Vitamin E, an anti-oxidant, maintains and stabilizes cellular membrane integrity by providing protection against destruction by oxidation. Vitamin E also has anti-inflammatory properties and has been suggested to have a role in decreasing excess scar formation in chronic wounds. Animal experiments have indicated that vitamin E supplementation is beneficial to wound healing (Arnold and Barbul, 2006; Burgess, 2008), and topical vitamin E has been widely promoted as an anti-scarring agent.

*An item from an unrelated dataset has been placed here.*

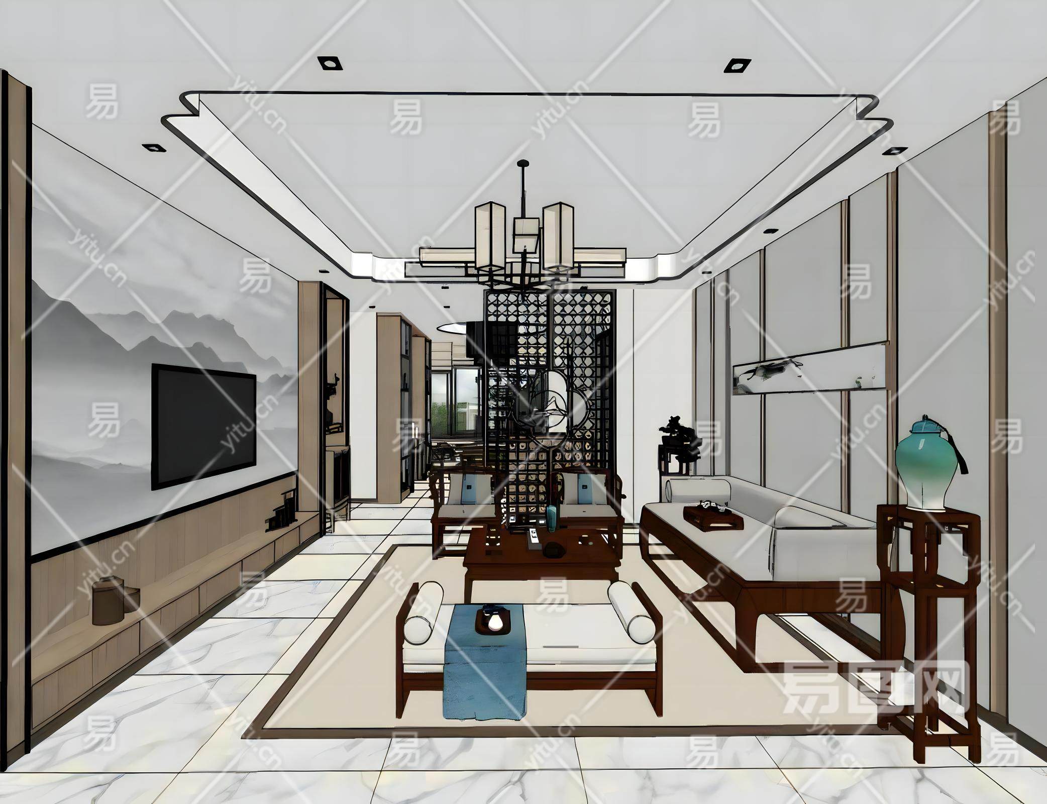 当前的位置:首页 > sketchup > sketchup模型 > 家装 > 客厅 > 新中式客餐厅沙发茶几组合

However, clinical studies have not yet proved a role for topical vitamin E treatment in improving healing outcomes (Khoosal and Goldman, 2006).
Several micronutrients have been shown to be important for optimal repair. Magnesium functions as a co-factor for many enzymes involved in protein and collagen synthesis, while copper is a required co-factor for cytochrome oxidase, for cytosolic anti-oxidant superoxide dismutase, and for the optimal cross-linking of collagen. Zinc is a co-factor for both RNA and DNA polymerase, and a zinc deficiency causes a significant impairment in wound healing. Iron is required for the hydroxylation of proline and lysine, and, as a result, severe iron deficiency can result in impaired collagen production (Shepherd, 2003; Arnold and Barbul, 2006; Campos et al., 2008).

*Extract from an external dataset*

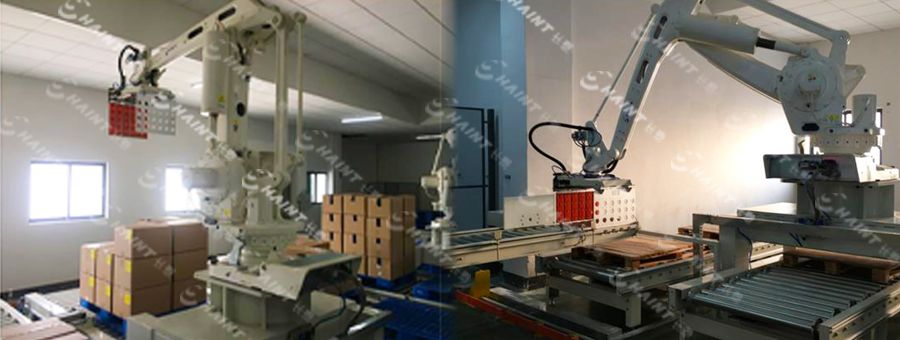 箱件智能码垛系统可适用于多规格纸箱码垛,通过夹具上的气缸驱动夹板夹取纸箱,勾爪托底,将纸箱码放到指定托盘上,并可在PC客户端对垛型数据进行改动设置,以满足码垛需求。

As indicated above, the nutritional needs of the wound are complex, suggesting that composite nutrition support would benefit both acute and chronic wound healing. A recent clinical research study examined the effects of a high-energy, protein-enriched supplement containing arginine, vitamin C, vitamin E, and zinc on chronic pressure ulcers and indicated that this high-energy and nutrition-enriched supplement improved overall healing of the pressure ulcer (Heyman et al., 2008). In summary, proteins, carbohydrates, arginine, glutamine, polyunsaturated fatty acids, vitamin A, vitamin C, vitamin E, magnesium, copper, zinc, and iron play a significant role in wound healing, and their deficiencies affect wound healing. Additional studies will be needed to fully understand how nutrition affects the healing response.
Wound healing is a complex biological process that consists of hemostasis, inflammation, proliferation, and remodeling. Large numbers of cell types—including neutrophils, macrophages, lymphocytes, keratinocytes, fibroblasts, and endothelial cells—are involved in this process. Multiple factors can cause impaired wound healing by affecting one or more phases of the process and are categorized into local and systemic factors. The influences of these factors are not mutually exclusive. Single or multiple factors may play a role in any one or more individual phases, contributing to the overall outcome of the healing process.